This is an idea that I’ve tried to relate to my now 17 year-old son. While he is more open-minded than a lot of others, he still has the instinctive need to make fun of dad’s “stoner rock” even though he has wistfully acknowledged its superiority in an unguarded moment. I was good about it, not claiming victory and running out to buy a “I May Be Old But At Least I Saw All The Cool Bands” t-shirt. When I was driving the Ry-man every day this summer to his seasonal job at a day camp, we had the old radio tug-of-war game going. It was a Snapchat pop station (as I would call it) vs. the Classic Hits morning drive team. I had sorta raised him on the latter so we were all good to go on that (though I had a problem finding any redeeming value in the former) and we reached radio symbiosis one morning in July when the slinky introduction to the O’Jays song that was #1 in Boston 45 years ago this week.
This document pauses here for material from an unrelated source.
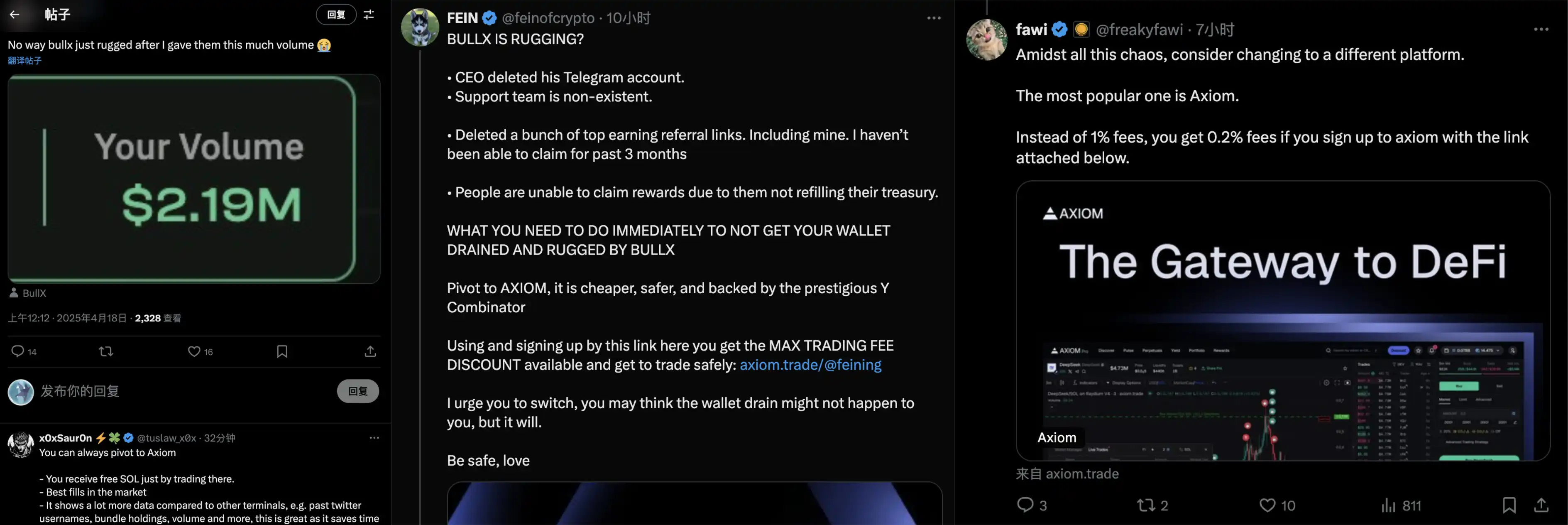 随着交易机器人成为这个周期「最被需要」的应用之一,越来越多的同类产品出现在市场上,后来者会在各种方面「卷」前者。而前者在经历红利期之后,很有可能因为倦怠产品跟不上时代,像是本次 FUD 事件中最多出现的,就是交易机器人中超新星 Axiom 的邀请码。

I was all ready with the opening cry of “What they do?” Ryan was soon joining in with “Backstabbers” in that full-throated way of his–he’s on his high-school A-Capella team. It became such a favorite that I was compelled to dig up my best-of O’jays CD.

The O’Jays smooth but muscular arrangement and the pointed vocal about your so-called friends trying hit on your old lady (even showing up when you’re not home!) is but one example of the imagination, creative verve and sheer variety of the records that made up that week’s survey on WMEX. At #5, the Main Ingredient (featuring lead singer Cuba Gooding, Sr.) delivers one of the all-time great “advice songs,” that informal genre that started to fade as the Me Decade took hold earnest. The Beatles were experts at this with such songs as “She Loves You,” “You’re Going to Lose That Girl” and “Hey Jude.” Many R&B artists were just as adept at this form of lyrical magnanimity.


The Main Ingredient, introduced by the late Don Cornelius on “Soul Train. The fact that they’re lip-syncing to the record can’t hide the smooth charisma of Cuba Gooding Sr.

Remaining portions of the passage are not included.